Le 19 août n’est jamais un jour ordinaire sur le continent africain. Il résonne comme un écho de luttes, de ruptures et d’espoirs, chaque décennie venant y inscrire une nouvelle cicatrice ou une lueur.
En 1805, c’est un étranger, l’Écossais Mungo Park, qui foule Bamako. Derrière l’exploration, déjà, se profile l’ombre des conquêtes coloniales. En 1940, au cœur de la Seconde Guerre mondiale, l’Afrique devient champ de bataille : les troupes italiennes s’emparent de Berbera, chassant les Alliés et révélant un continent pris dans les jeux meurtriers des empires.
Puis, le vent de la liberté souffle. Le 19 août 1960, le Sénégal claque la porte de la Fédération du Mali. Le lendemain, son indépendance est proclamée. Une victoire ? Oui. Mais aussi le signe que l’unité africaine, encore fragile, reste un rêve toujours menacé par les divisions.
Le 19 août, c’est aussi le théâtre d’affrontements aux allures de guerre froide. En 1981, au-dessus du golfe de Syrte, deux avions libyens tombent sous les missiles américains. Tripoli revendiquait ses eaux, Washington a rappelé sa puissance. Trente ans plus tard, en 2011, c’est encore la Libye qui s’embrase : les rebelles prennent Zawiya, encerclant Tripoli et précipitant la chute d’un régime vieux de quarante ans.
La douleur ne s’arrête pas là. Le 19 août 2013, Boko Haram massacre des dizaines de civils à Dumba, dans le nord du Nigéria. Le même jour, l’Afrique du Sud est secouée par l’annonce glaçante : Oscar Pistorius sera jugé pour le meurtre de Reeva Steenkamp. Quatre ans plus tard, en 2017, la rue togolaise se soulève : « Trop, c’est trop ! » scandent des milliers de voix, réclamant une alternance confisquée depuis des décennies.

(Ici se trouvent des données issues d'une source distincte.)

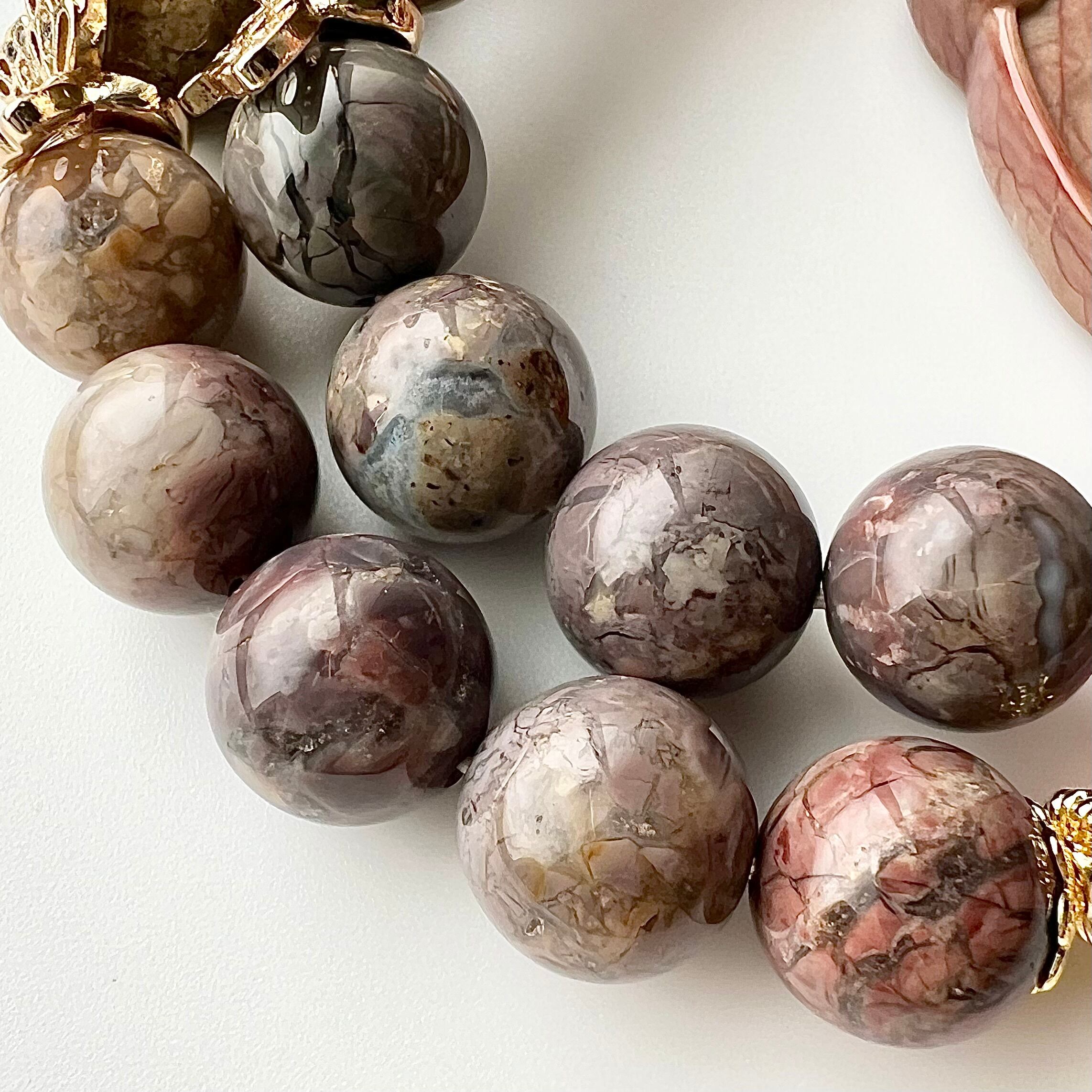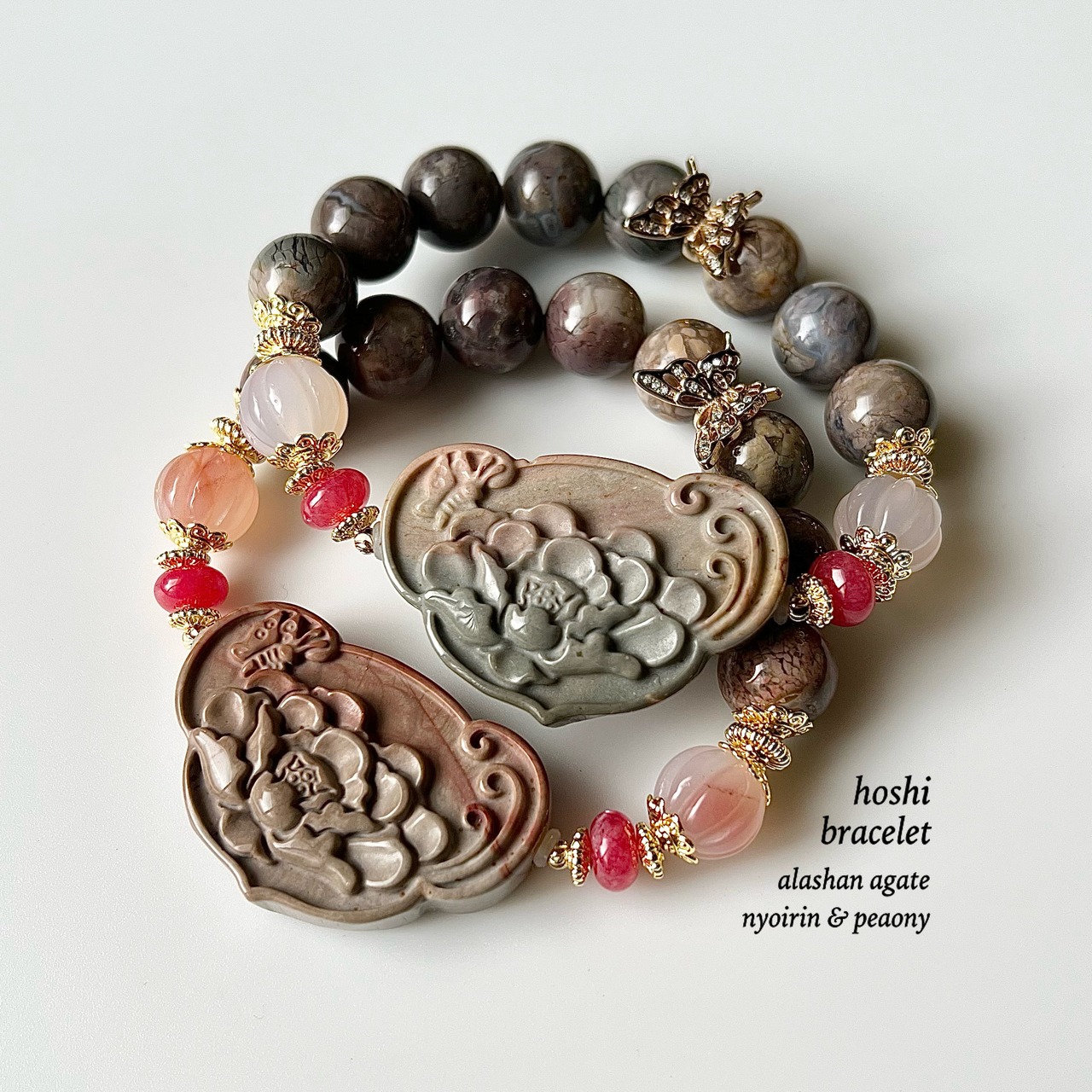 アラシャン瑪瑙 如意と牡丹 天然石 ブレスレット

Mais le 19 août n’est pas que tragédie. En 2019, Rabat vibre d’une énergie nouvelle : les Jeux africains s’ouvrent, rassemblant la jeunesse et les couleurs du continent. Depuis 2009, cette date porte aussi l’étendard de la solidarité universelle : la Journée mondiale de l’aide humanitaire.
Ainsi va le 19 août, jour d’ombres et de lumières. Une journée où l’Afrique pleure, lutte et espère. Une journée qui nous rappelle que l’histoire ne s’écrit pas sans drames, mais que l’avenir peut encore s’écrire avec courage et fraternité.